This past week a missed security update contributed to a compromise at Matrix.org. As I have said before, for purposes of infrastructure design, it is prudent to consider CI/CD tools like Jenkins as “remote code execution as a service.” In the Continuous Delivery world, I think we have a serious problem with user education around securely running CI/CD tools; anything which can touch production represents a potential liability.

While these thoughts were bubbling around in my mind, I saw this tweet from Mrinal Mukherjee:

Many organisations tend to have separate non-production and production instances of a deployment orchestrator (@jenkinsci) to manage non-production and production deployments respectively. This, as opposed to a single instance which handles both use-cases. Thoughts?

In this post, I wanted to expand on my response:

I tend to prefer two systems because it is rather difficult to totally and completely secure credentials for production systems, when you give developers “Pipeline as code” :)

The “production” instance of Jenkins would typically just handle the last mile of delivery.

The unending trade-off infrastructure and tools developers must make is one of flexibility versus reliability. While it would be nice to live in a world where our automated systems allow code from individuals to fail in ways which do not adversely impact customers, for the most part we have to draw the line in the sand somewhere. Whether that is restricting access to networks, reducing the scopes of credentials, or by segmenting systems entirely. I do not view this as a problem, but a realistic approach to systems of safety.

My approach to this when structuring Jenkins infrastructure is to segment along “non-production” and “production” systems. The non-production system has non-production credentials, which have a low consequence if disclosed or misused by developers who author a Jenkinsfile. The production system however maintains production credentials, which are scoped to specific Folders or Pipelines in Jenkins, and does not process pull requests or any code not deemed fit for production, such as that in the master branch.
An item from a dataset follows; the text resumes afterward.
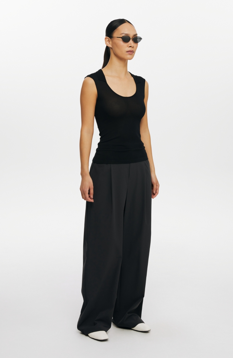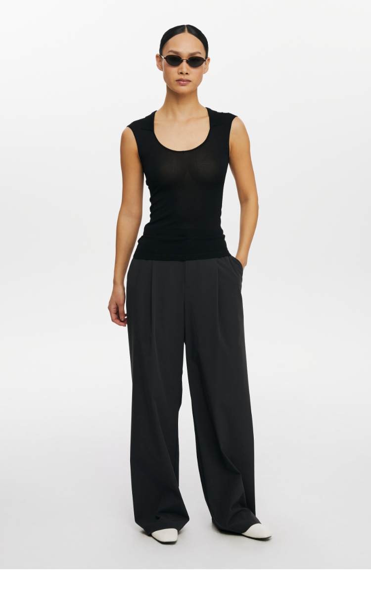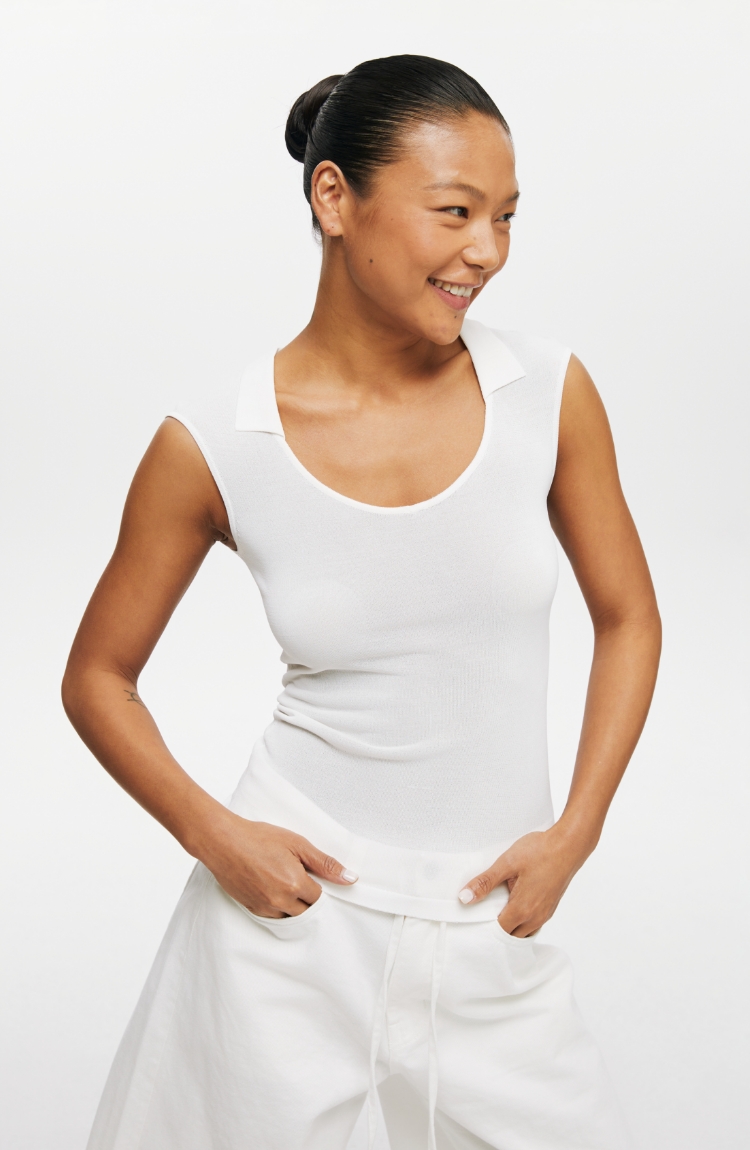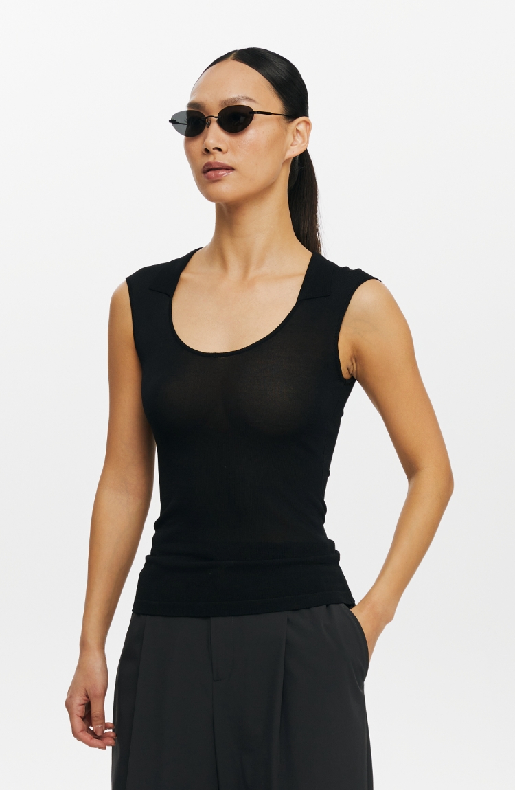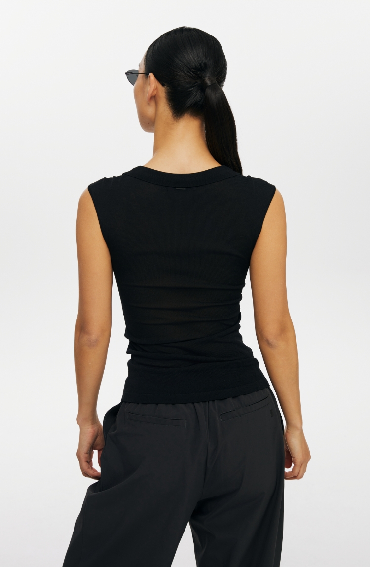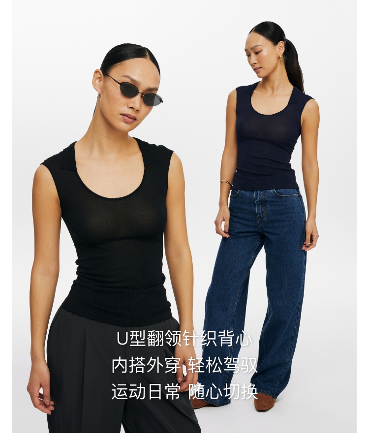 oneup弹力U型翻领针织背心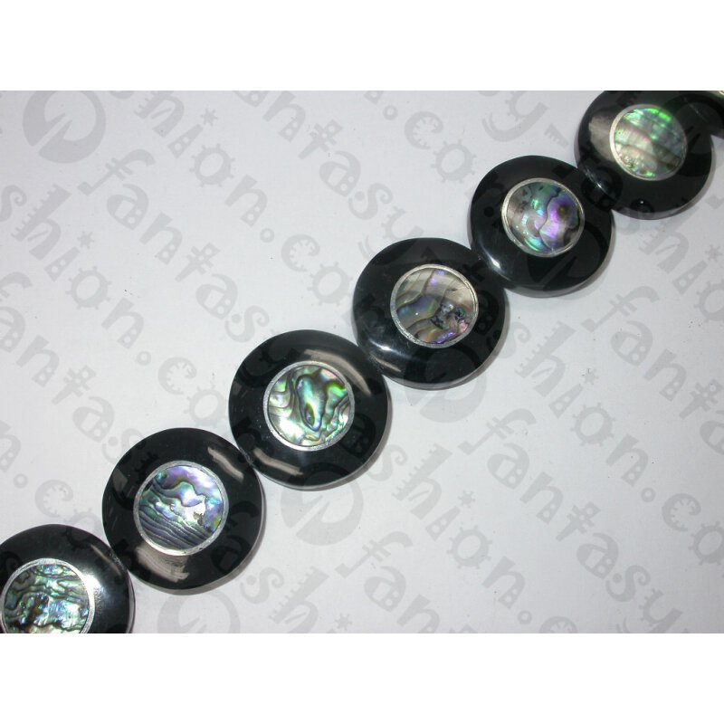 Resin with 'paua' shell inlay, round, ca. 32x8mm

If you step back from Jenkins itself and consider an application which stores highly valuable secrets, what would your defense in depth strategy look like? Running any app on a hostile network requires this kind of thinking. A critical credential or bit of data living in an application which is a single bug away from being exposed is simply bad design. We take this approach seriously in the Jenkins project, because we run a Jenkins environment on a hostile network, also known as “the internet.”

In our case, there are Jenkins environments on the public internet, but the Jenkins environments which hold deployment or production credentials are simply unroutable on the public internet. By requiring a jump host or a VPN to access the environment, it is simply impossible for an attacker who might be scanning cloud provider’s address space to find and compromise the environment. There are certainly other problematic avenues, but that’s where the “defense in depth” comes in again. I’ve wrote some more tips on managing credentials in Jenkins specifically in a previous blog post: It’s not stealing when you’re giving them away. One of my favorite approaches is using tools like Hashicorp Vault which can generate secrets dynamically, making the leakage of credentials less impactful.

Regardless, it is absolutely critical to put services which have production credentials, or keys which can lead to secondary levels of compromise behind VPNs or other encrypted gateways. The public internet is a scary place, and if you launch a Jenkins instance into AWS, Google Cloud, or Azure, I guarantee it will be scanned without 10-15 minutes by script kiddies.

CI/CD tools represent an ideal attack vector not only for credentials, but for other supply-chain attacks that could further compromise your end users. Designing a layered and secure approach to running any CI/CD tool is incredibly important for everybody shipping software today. But generally, please don’t let any single application be the sole line of defense between credentials or user data, and the goblins running around on public networks.